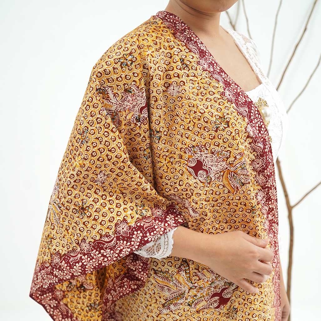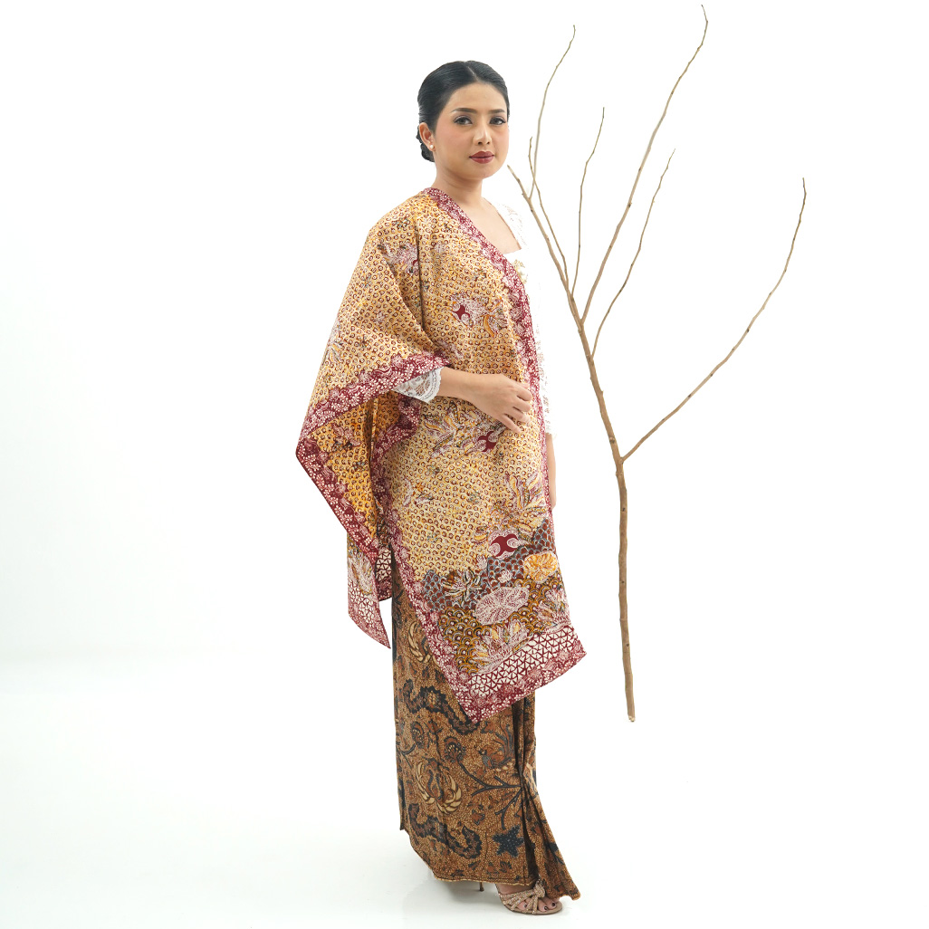Makna Motif: : Selendang 3 negeri motif ikan koki . Ikan koki yg berkilat seperti emas melambangkan kekayaan yg berkelimpahan . Juga melambangkan ketenangan, kesabaran, harmoni , kebijaksanaan dan umur panjang. Gringsing melambangkan kesehatan dan sebagian orang memaknai sebagai tolak bala
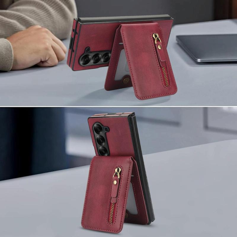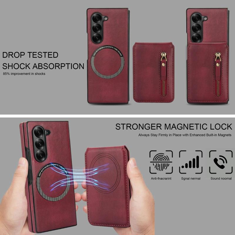 For Samsung Galaxy Z Fold6 Zipper Wallet Split MagSafe Leather Back Phone Case(Red)
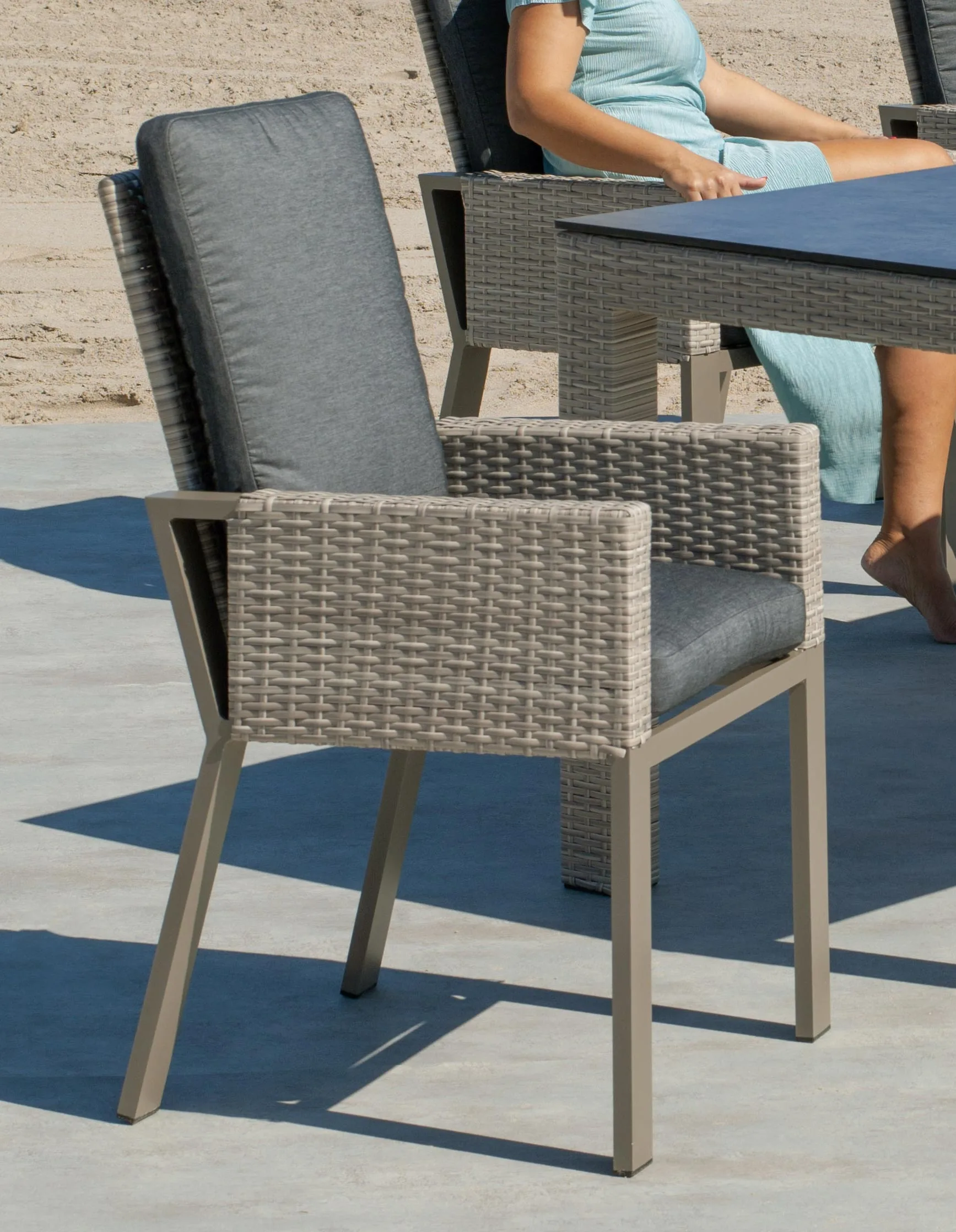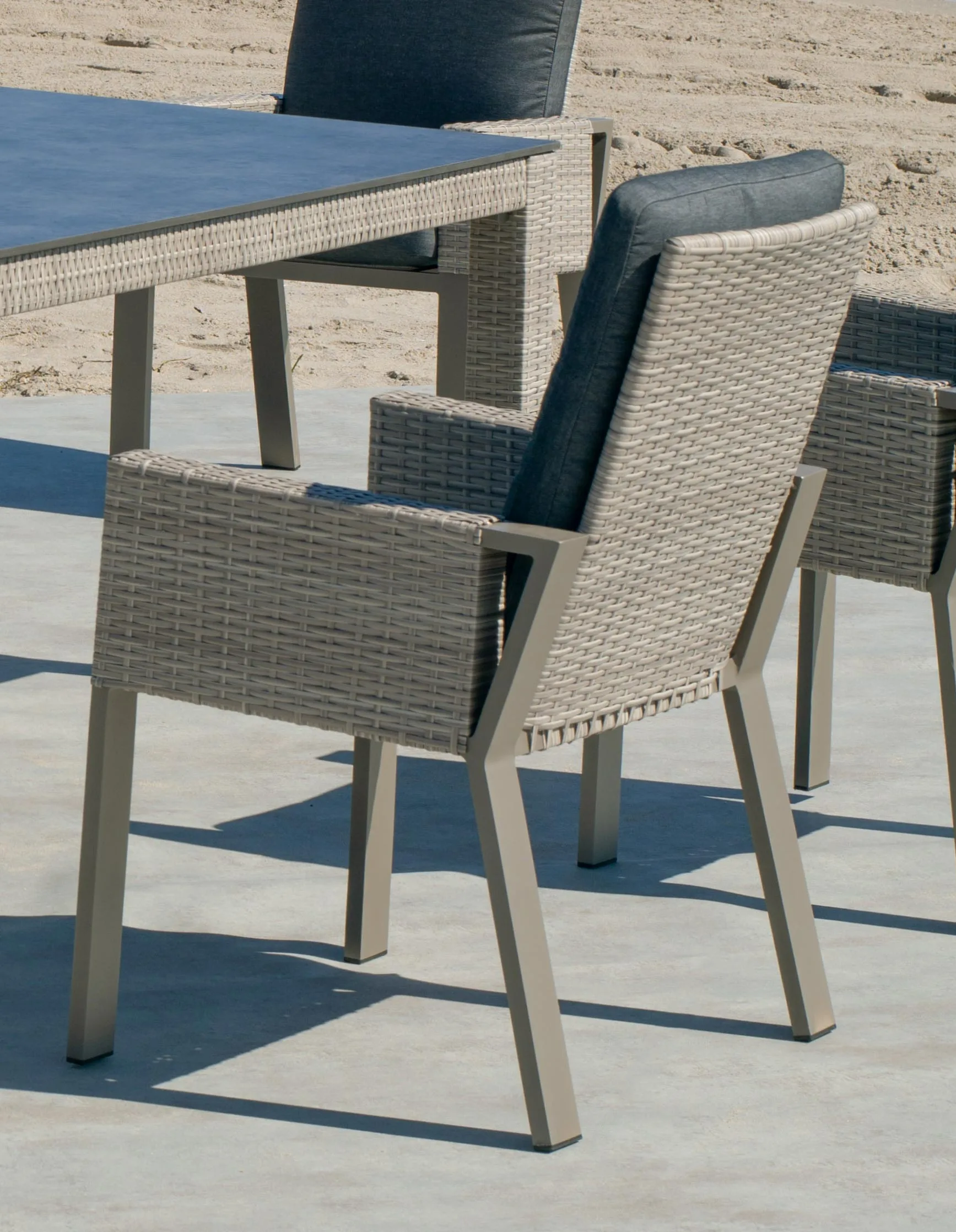 Asiento y respaldo en ratán sintético resistente a la intemperie.
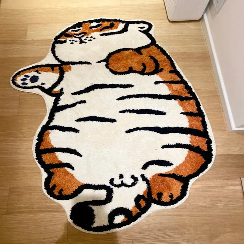 VIKAMA Cute Fat Tiger Carpet Soft Plush Skin-Friendly Touch Non-Slip Wear Living Room Bedroom Children's Room Decoration
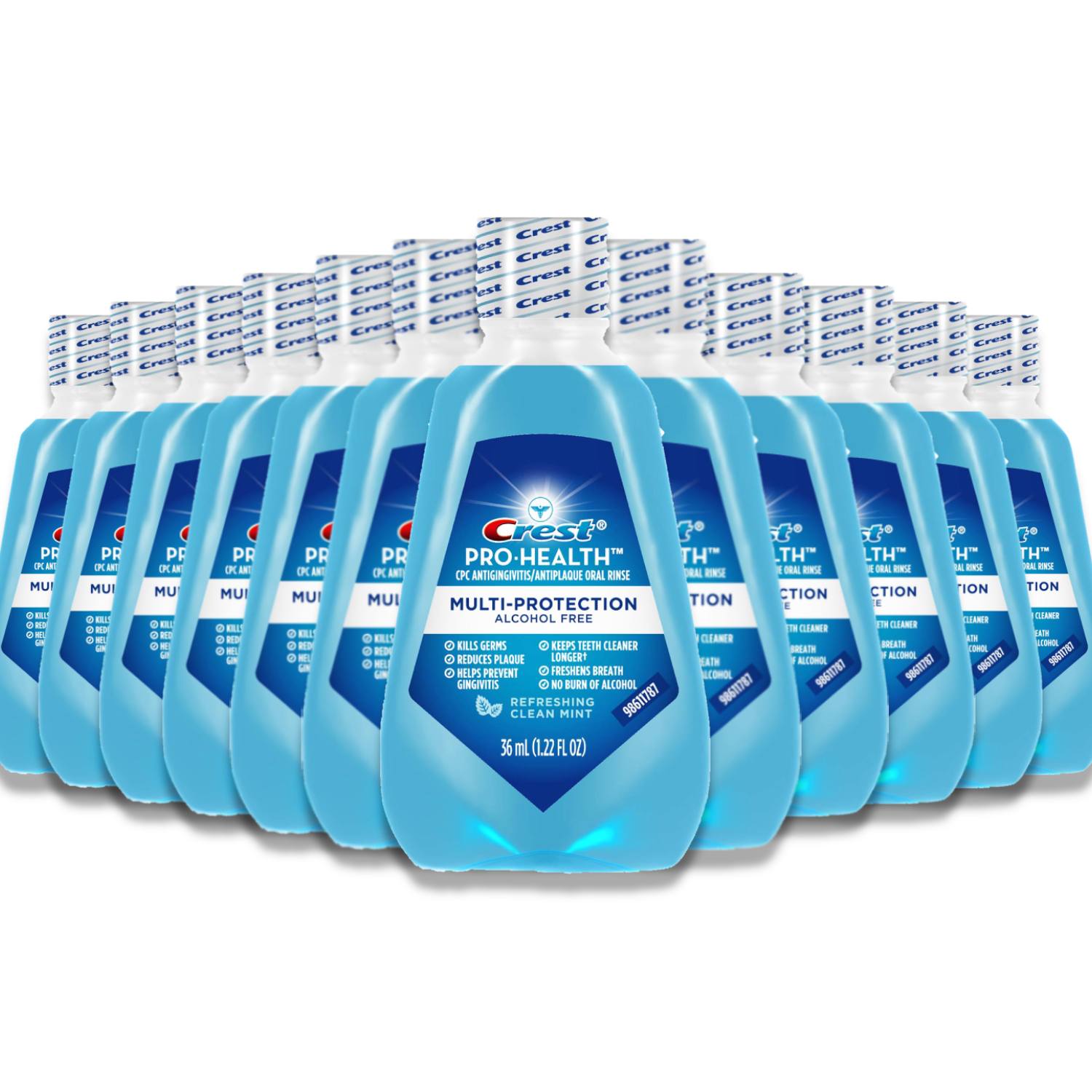 Keep your breath fresh and your mouth healthy with Crest Pro-Health Alcohol-Free Mouthwash. This convenient 48-pack of 1.2 oz bottles is perfect for on-the-go use, offering multi-protection clean mint freshness without the burn of alcohol. Maintain your oral hygiene routine wherever you are with Crest Pro-Health Mouthwash.
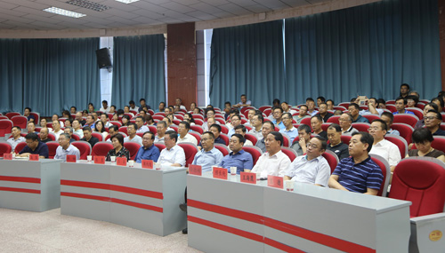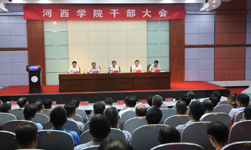 7月31日下午,学校召开干部大会,宣布省委关于我校党委书记调整和任命决定。学校领导、全校中层干部、教授代表参加会议。校长张汉燚主持会议。
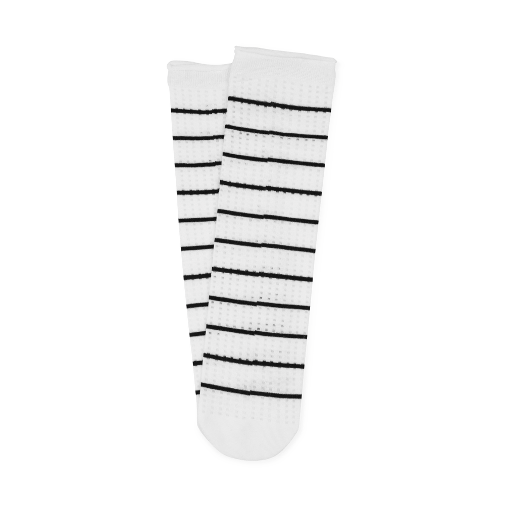 The white socks feature a lightly transparent texture and a striped design that adds edge and personality to your look, whether you style them with sneakers, sandals, or loafers. A must-have for those who love small details with big impact 🖤
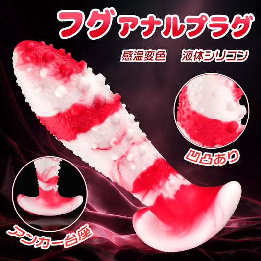 MinYn 感温変色 フグ アナルプラグ アンカー台座 凹凸あり 液体シリコン
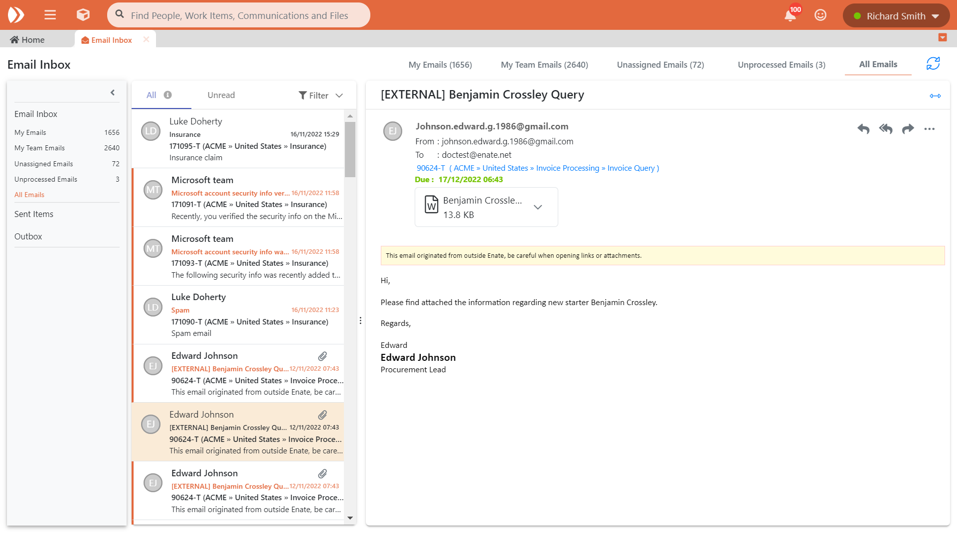 Nous avons ajouté une toute nouvelle section à votre boîte de réception : *Tous les e-mails*. Elle vous permet de consulter tous les e-mails des activités, même les activités fermées, pour lesquelles vous disposez des autorisations.

────────────────────────────────────────

Exercise objective:
Using the records above, return word for word the lines that begin at the one containing "Asiento y respaldo" and end at the one containing "Keep your breath", both of them included and no pictures.

Answer for the task:
 Asiento y respaldo en ratán sintético resistente a la intemperie.
 VIKAMA Cute Fat Tiger Carpet Soft Plush Skin-Friendly Touch Non-Slip Wear Living Room Bedroom Children's Room Decoration
 Keep your breath fresh and your mouth healthy with Crest Pro-Health Alcohol-Free Mouthwash. This convenient 48-pack of 1.2 oz bottles is perfect for on-the-go use, offering multi-protection clean mint freshness without the burn of alcohol. Maintain your oral hygiene routine wherever you are with Crest Pro-Health Mouthwash.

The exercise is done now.